Kafka et Flaubert

Les Amis de Flaubert – Année 1983 – Bulletin n° 63 – Page 3

 

 

Kafka et Flaubert

Éditorial

Kafka, l’écrivain tchèque de langue allemande, connu surtout en France pour son Procès que la plupart des lettrés ont lu, aurait eu cent ans cette année. Les grands journaux spécialisés ou non ont rappelé au mois de juillet cet événement littéraire et « Le Monde » des livres du jeudi soir, sur ses huit pages habituelles, lui a consacré plusieurs colonnes, ce qui prouve qu’il continue à avoir un rayonnement durable sans doute à cause de l’originalité de sa pensée et de son pessimisme continuel. Né à Prague, alors dans l’empire austro-hongrois, en 1883, il devait mourir dans un sanatorium près de Vienne en 1924, relativement jeune, à quarante ans.

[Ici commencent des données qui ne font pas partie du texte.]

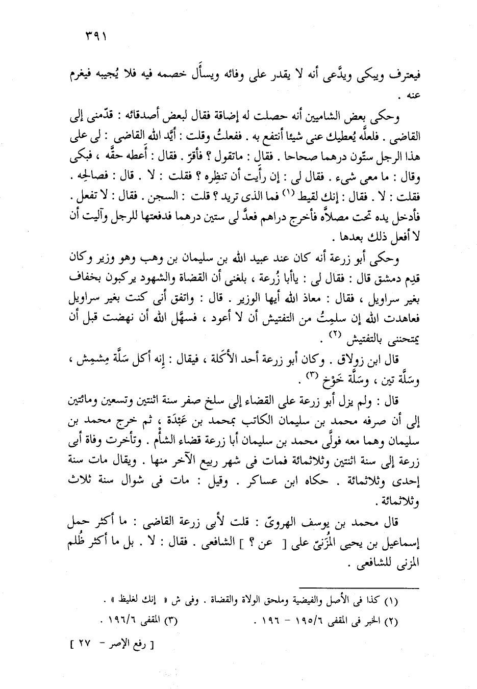 وحكى أبو زرعة أنه كَانَ عند عبيد الله بن سليمان بن وهب وهو وزير وَكَانَ قدِم دمشق قال: فقال لي: يَا أبا زُرعة، بلغني أن القضاة والشهود يركبون بخفاف بغير سراويل، فقال: معاذ الله أَيُّهَا الوزير. قال: واتفق أني كنت بغير سراويل فعاهدت الله إن سلِمتُ من التفتيش أن لا أعود، فسهَّل الله أن نهضت قبل أن يمتحنني بالتفتيش.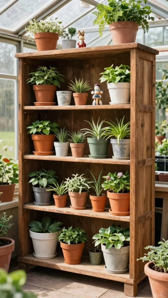 Repurposed bookshelves not only organize your greenhouse but also introduce a unique charm that enhances the overall aesthetic.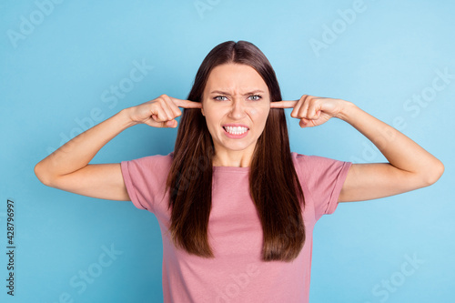 Photo of angry mad unhappy young woman avoid close ears fingers bad mood isolated on blue color background
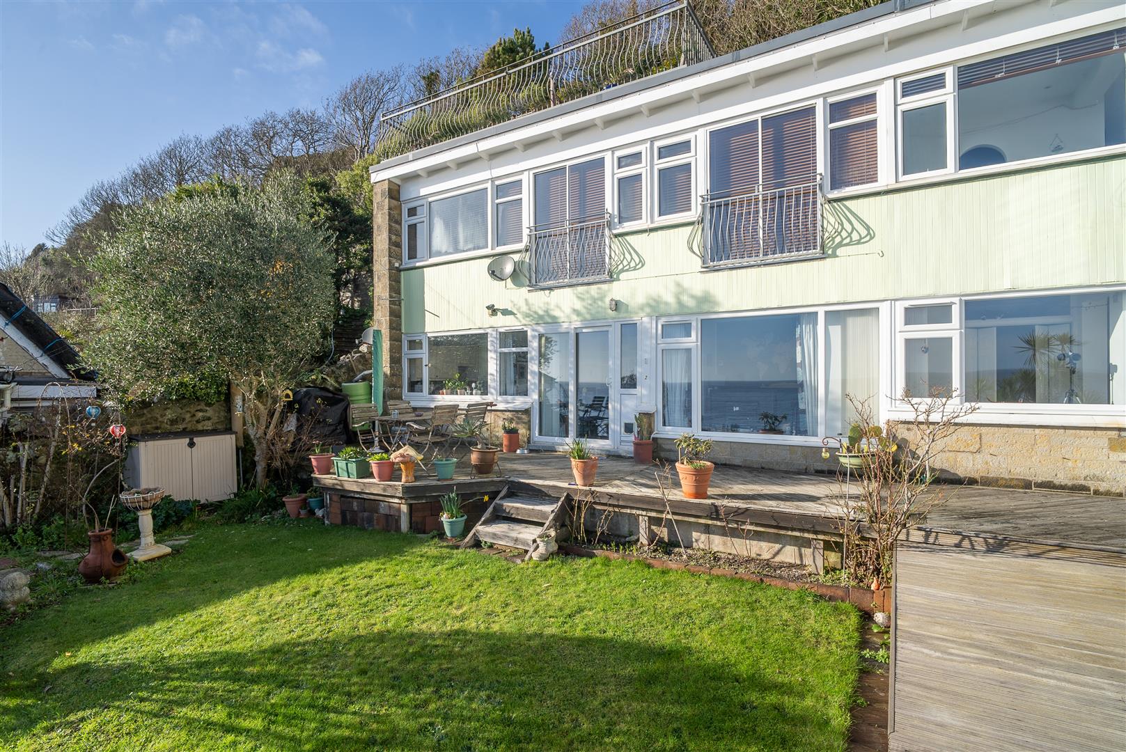 Positioned to the front of the apartment, the garden enjoys an elevated decked seating area, ideal for al fresco dining and watching boats pass along the English Channel. This exceptional vantage point also offers a front-row seat to the annual Round the Island Race. The garden continues to a lawned area with planted borders adding colour and interest. Steps lead down to neighbouring gardens, while a pathway provides direct access to Bath Road, connecting easily with the seafront and town amenities. The garden benefits from panoramic sea views and a desirable south-facing aspect, enjoying sunshine for much of the day.

Ses parents appartenaient à la bourgeoisie commerçante juive de Prague. Il devait, par ce triple exemple, juif, tchèque, allemand, se sentir tout différent. À cause de sa santé fragile, il ne fut pas soldat pendant la Première Guerre mondiale dont il se désintéressa complètement dans son œuvre. Il travailla dans une maison d’assurances de 1908 à 1920. Il se fiança successivement trois fois, n’en épousa aucune, mais écrivit à chacune beaucoup et sa correspondance a été publiée. Il y eut toujours un conflit entre le fils et le père. Ce dernier était tout le contraire de Franz, fort physiquement, gai, jovial, aimant la vie de société, si bien que Franz Kafka eut une vie étrange qui se répercuta sur son œuvre. Son style est sobre, précis, très minutieux. Il a essayé d’éclairer sa vie quotidienne et familiale dans un univers irréel et coupable, ce qui est peut-être la cause du succès prolongé de ce fou de la littérature comme celle de Flaubert.

La meilleure critique française de son œuvre est Marthe Robert, qui a d’ailleurs publié un ouvrage cette année : Seul comme Franz Kafka. Or, elle rapporte dans les interrogations qui lui furent posées par un rédacteur du Monde que Kafka connaissait fort bien l’œuvre de Flaubert. L’Éducation sentimentale était son livre de chevet qui ne le quittait pas, l’emportant avec lui en voyage, la gardant près de lui quand il était en train de travailler. Écrivant à Félice Bauer, l’une de ses fiancées, il lui dit : « Lis cela, chérie, lis donc cela », et il lui cite une phrase de Flaubert qu’il aimait par-dessus tout : « Elle avoua qu’elle voulait faire un tour à son bras dans les rues ». « Quelle phrase ! Quelle image ! » ajoute-t-il. Marthe Robert, moins enthousiaste que lui, ajoute : « La phrase citée est certes admirable, mais seulement pour quiconque a une connaissance approfondie de toutes les subtilités, de toutes les ressources poétiques que la prose française peut offrir. Cette connaissance, Kafka l’a et le montre assez par l’enthousiasme avec lequel il transcrit une phrase apparemment banale, que bien des Flaubertiens n’eussent pas songé à relever. »

Certes, entre la vie de Flaubert et celle de Kafka, il y a tout un monde. Celui de Flaubert, tout pessimiste qu’il fût, est cependant moins noir que celui de Kafka, mais nous découvrons par cette incidente le rayonnement posthume de Flaubert. Il a joué également sur le jeune Freud, étudiant à Paris, par Bouvard et Pécuchet et dont malheureusement l’article qu’il devait écrire à son retour à Vienne n’a pas été traduit d’allemand en français. Le philosophe Alain n’a jamais été un admirateur enthousiaste des romans de Flaubert. Il lui a préféré ceux de Stendhal, à qui d’ailleurs il a consacré un ouvrage. Ce percheron devenu rouennais pendant quelques années comme professeur de philosophie au Lycée Corneille et après son départ à Paris, il y a déjà quatre-vingts ans, le célèbre auteur des Propos jusqu’à la guerre de 1914, dans la Dépêche de Rouen, avait peu d’attirance pour les romans de Flaubert, sauf pour Bouvard et Pécuchet, qu’il lut plusieurs fois.

L’influence de Flaubert est plus forte qu’on le croit généralement, surtout à l’étranger. Même dans cette petite revue, le nombre d’auteurs d’articles venus de l’extérieur de notre hexagone national est plus important que ceux de notre pays et de notre langue. Sans leur activité, il nous serait difficile de publier convenablement. Sans être prophète dans son pays, il faut le constater avec une pointe inquiétante d’amertume.